[Required action]: The answer is an exact repeat of the entries below, with the pictures omitted.

[Data for this exercise]:
=== Begin Enclosure ===

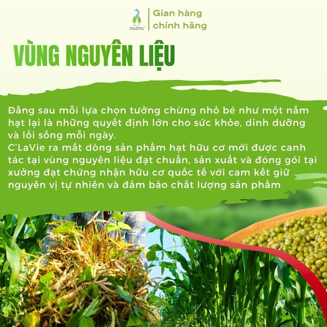 Đậu xanh hữu cơ C’LaVie được canh tác theo tiêu chuẩn hữu cơ EU, 100% hạt nguyên chất, không chất bảo quản tổng hợp, không thuốc trừ sâu hóa học. Hạt đậu giàu protein, chất xơ, vitamin và khoáng chất, là nguồn dinh dưỡng lành mạnh, phù hợp cho chế độ ăn xanh – sạch – an toàn.
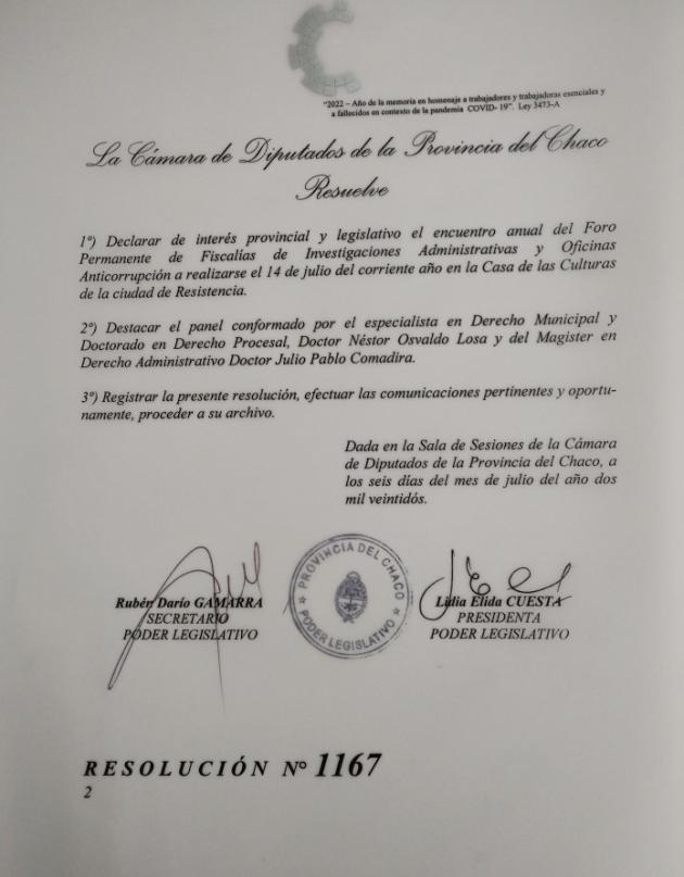 La Cámara de Diputados de la Provincia del Chaco a través de la Resolución N° 1167 rubricada por la Presidenta Lidia Elida Cuesta, resolvió declarar de interés provincial y legislativo el encuentro anual del Foro Permanente de Fiscalías de Investigaciones Administrativas y Oficinas Anticorrupción que se realiza este 14 de julio en la Casa de las Culturas de la ciudad de Resistencia.
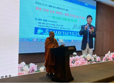 据悉,11月17日,由泰国孔子学院(课堂)发展联盟主办,泰国海上丝路孔子学院、海上丝路·帕那空皇家大学孔子学院、岱密中学孔子课堂联合协办的“国际中文教育文本规范化教学研讨会”召开。海丝孔院、岱密中学孔子课堂理事会泰方主席颂德通猜副僧王,曼谷基教一区主任Niyom Phaisopha,曼谷市督学赵成,孔子学院(课堂)中方院长(负责人),中泰师生代表等120多人参加。我校彭泽润教授应邀发表主题演讲。彭泽润结合汉语、泰语和英语3种文本对照,指出文本现代化历史和现状。他说,词是所有语言的基本单位,但是东南亚国家的语言,无论采用汉字,还是采用拼音文字,普遍缺乏词式文本意识,停留在字式文本(汉语和泰语等)或者音节式文本(越南语和韩国等)状态。他建议在汉语国际传播中,优先利用拼音词语输入汉语文本的现代化习惯,在推广《汉语拼音正词法基本规则》的国家标准的基础上,把词式文本从拼音拼写汉语扩展到汉字书写汉语中,提高汉语教学效率,促进汉语国际传播。泰国内外的汉语教师表示,大开眼界,深受启发。
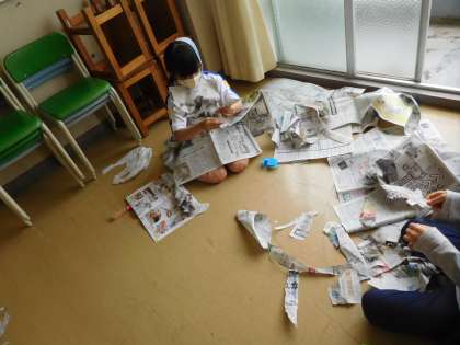 新聞紙を破いたり、丸めたり、つなげたりしながら体全体をつかって
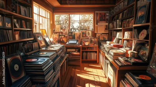 wood, shelf, record, vinyl, book, vintage, store, shop, interior, sunbeam, light, window, frame, sunlight, stack, album, wooden, collection, dusty, retro, music, old, brown, classic, nostalgic, display

=== End Enclosure ===

[Problem solution]:
 Đậu xanh hữu cơ C’LaVie được canh tác theo tiêu chuẩn hữu cơ EU, 100% hạt nguyên chất, không chất bảo quản tổng hợp, không thuốc trừ sâu hóa học. Hạt đậu giàu protein, chất xơ, vitamin và khoáng chất, là nguồn dinh dưỡng lành mạnh, phù hợp cho chế độ ăn xanh – sạch – an toàn.
 La Cámara de Diputados de la Provincia del Chaco a través de la Resolución N° 1167 rubricada por la Presidenta Lidia Elida Cuesta, resolvió declarar de interés provincial y legislativo el encuentro anual del Foro Permanente de Fiscalías de Investigaciones Administrativas y Oficinas Anticorrupción que se realiza este 14 de julio en la Casa de las Culturas de la ciudad de Resistencia.
 据悉,11月17日,由泰国孔子学院(课堂)发展联盟主办,泰国海上丝路孔子学院、海上丝路·帕那空皇家大学孔子学院、岱密中学孔子课堂联合协办的“国际中文教育文本规范化教学研讨会”召开。海丝孔院、岱密中学孔子课堂理事会泰方主席颂德通猜副僧王,曼谷基教一区主任Niyom Phaisopha,曼谷市督学赵成,孔子学院(课堂)中方院长(负责人),中泰师生代表等120多人参加。我校彭泽润教授应邀发表主题演讲。彭泽润结合汉语、泰语和英语3种文本对照,指出文本现代化历史和现状。他说,词是所有语言的基本单位,但是东南亚国家的语言,无论采用汉字,还是采用拼音文字,普遍缺乏词式文本意识,停留在字式文本(汉语和泰语等)或者音节式文本(越南语和韩国等)状态。他建议在汉语国际传播中,优先利用拼音词语输入汉语文本的现代化习惯,在推广《汉语拼音正词法基本规则》的国家标准的基础上,把词式文本从拼音拼写汉语扩展到汉字书写汉语中,提高汉语教学效率,促进汉语国际传播。泰国内外的汉语教师表示,大开眼界,深受启发。
 新聞紙を破いたり、丸めたり、つなげたりしながら体全体をつかって
 wood, shelf, record, vinyl, book, vintage, store, shop, interior, sunbeam, light, window, frame, sunlight, stack, album, wooden, collection, dusty, retro, music, old, brown, classic, nostalgic, display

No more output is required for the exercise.